Extended methods are available in the Supplementary Materials, including feature selection, data preprocessing, and classifier construction. We have deliberately moved the full method description to the Supplementary Materials
We have added some brief notes to the main text methods that may help the reader better understand our pipeline.
More specifically,

• "BloodAge is a deep neural network that was trained to approximate continuous chronological age based on a vector of up to 46 blood biochemical parameters and donor's sex. Its output, compared to the patient's chronological age, represents the intensity of the aging-related changes in a person, compared to their age peers. Higher than chronological age BloodAge values indicate the accelerated pace of aging, while lower -- indicate decelerated aging. (See Supplementary Materials p1)" (Section 2.2);
• "The survival model was an instance of Cox Proportional Hazards (CPH) implemented with lifelines v0.23.9 for Python. CPH models treat available features as independent risk factors and quantify the probability of an event happening by time t as:..." (Section 2.3)
• "C-index was defined as the number of pair comparisons in which the model guessed the longer survivor right based on their expected survival time, relative to the total number of all pairwise comparisons." (Section 2.3)
  "Only the variables present in the final survival model were tested." (Section 2.4)
• "Sensitivity was defined as the number of true positive predictions relative to all positive samples, while specificity -- as the number of true negative predictions relative to all negative predictions." (Section 2.5)

 Why not using competing risk analysis?

Our records do not contain information on the cause of death. Thus, we could not define the competing events and implement this method.

How did you develop the score?

We have included an Excel spreadsheet describing in detail the method briefly outlined in Section 2.6
It lets the reader check how the score will change in response to changing the constants we used.
It also has thirteen mock cases and illustrates how the score translates to the expected time-to-death produced by the CPH model itself.
We have also deployed the alpha version of the COVID risk score at this web address http://44.192.29.144:9028/
You may enter all the values in our model and receive the score itself, the expected TTD, and the survival probability plot.

Please, include a background in the abstract, specifying the rationale to carry out the study.
Missing information in the abstract: all the methods. The authors have indicated their results at the beginning. Please, read the international standards to report an abstract for an observational study (STROBE).

We have reworked the abstract. Having read the STROBE checklist we added the Limitations sections and a new paragraph to the Introduction containing our hypotheses.

We have also corrected some minor grammatical errors in the text.

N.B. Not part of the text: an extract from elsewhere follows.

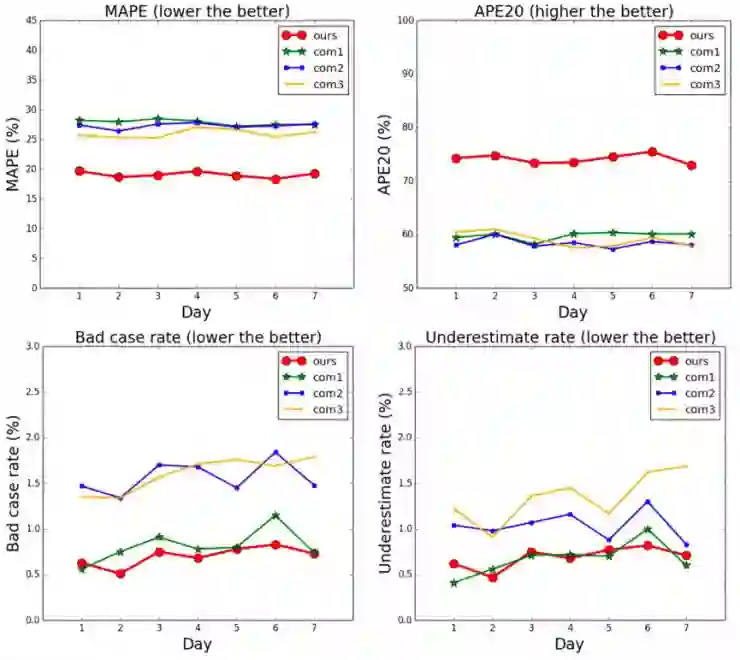 滴滴也进行了为期一周的线上评估,从曲线可以看到,其模型在线上实际系统中也有着领先的性能。
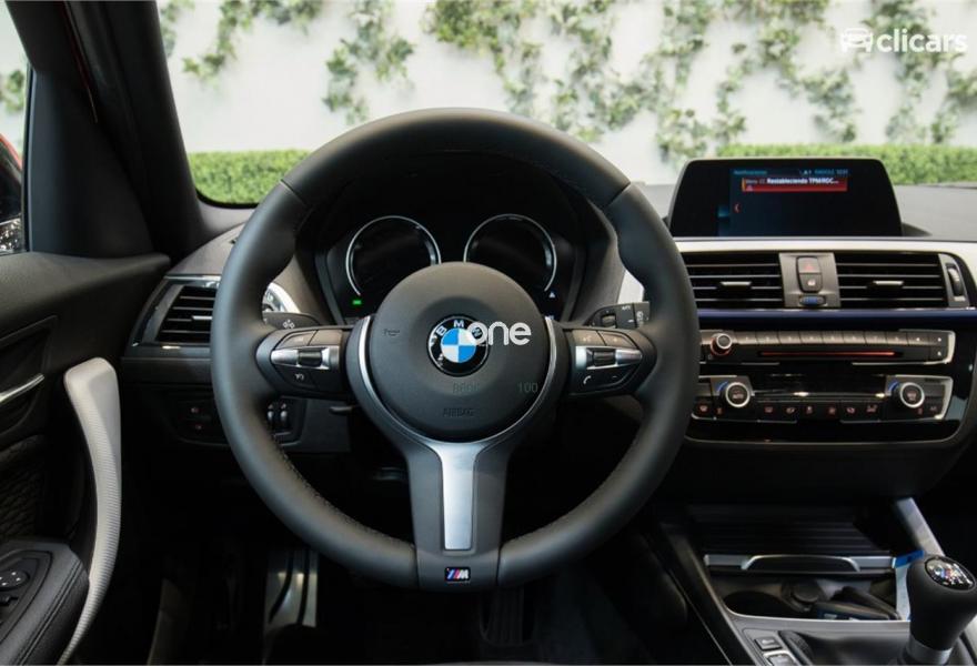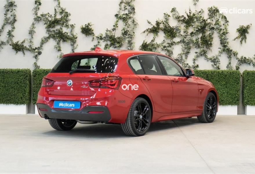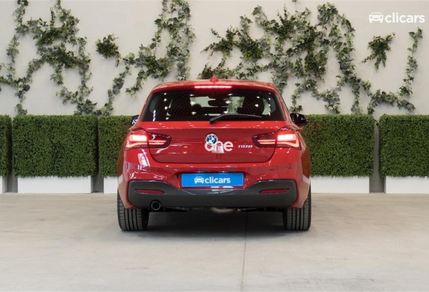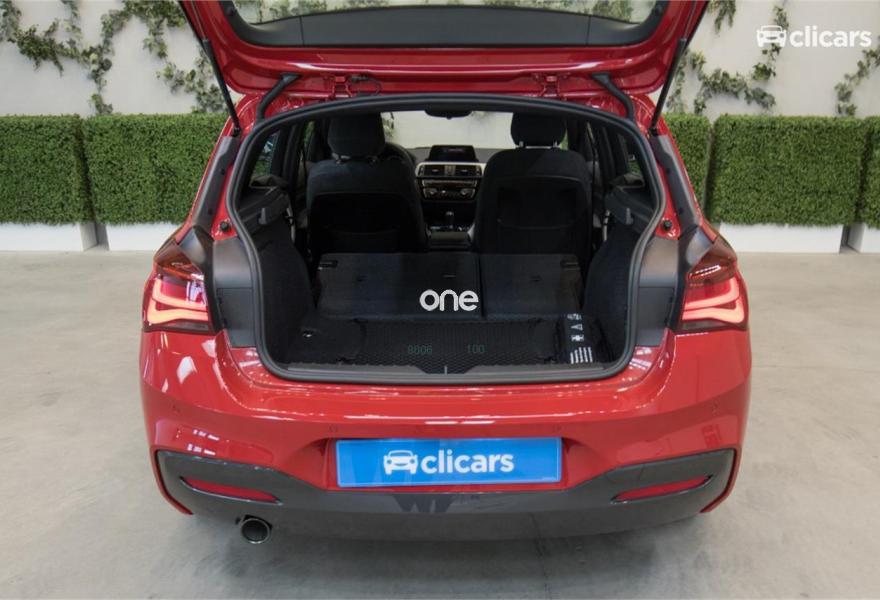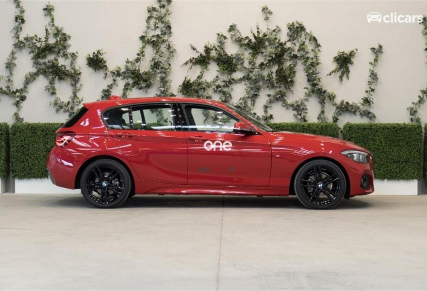 BMW Serie 1, Diesel, año 2018, color Rojo metalizado, precio 23390€. Pintura metalizada,Edition M Sport Shadow,18'', llantas de aleación ligera M de radios dobles (estilo 719 M) Jetblack,Asientos deportivos para conductor y acompañante,Servotronic,Molduras interiores Aluminium Hexagon con moldura con detalles en Blau mate,Control de distancia en aparcamiento (PDC),Control de crucero con función de frenado,Faros de LED,Faros antiniebla de LED,Suspensión deportiva M,Paquete aerodinámico M,Neumáticos con funcionamiento en caso de avería,Climatizador,Asistente de luz de carretera,Paquete Executive,Reproductor de CD,Sistema de navegación Business,Retrovisor interior, con ajuste automático anti-deslumbramiento,Volante M de cuero,Cuadro de instrumentos con contenido ampliado. Clicars: Nº1 en Europa en venta de coches online

We hope that these changes to the manuscript answer your questions in full and we can proceed with the review.

Sincerely,
Fedor Galkin

Reviewer 2 Report

Galkin et al. provide an interesting study of COVID-19 and a combination of BloodAge, Age and Risk Factor.

The study is well performed, the results are clear.

It could be accepted after minor revision.

Author Response

Dear Reviewer 2,

We are happy to hear that our manuscript only requires minor revision.

We have corrected the minor language issues you have pointed us towards.

We have also added the Limitations section and included an online COVID risk score calculator you can test here: http://44.192.29.144:9028/

Sincerely yours,
Fedor Galkin

Round 2

Reviewer 1 Report

All my concerns have been correctly addressed, therefore I recommend the publication of this paper in Life.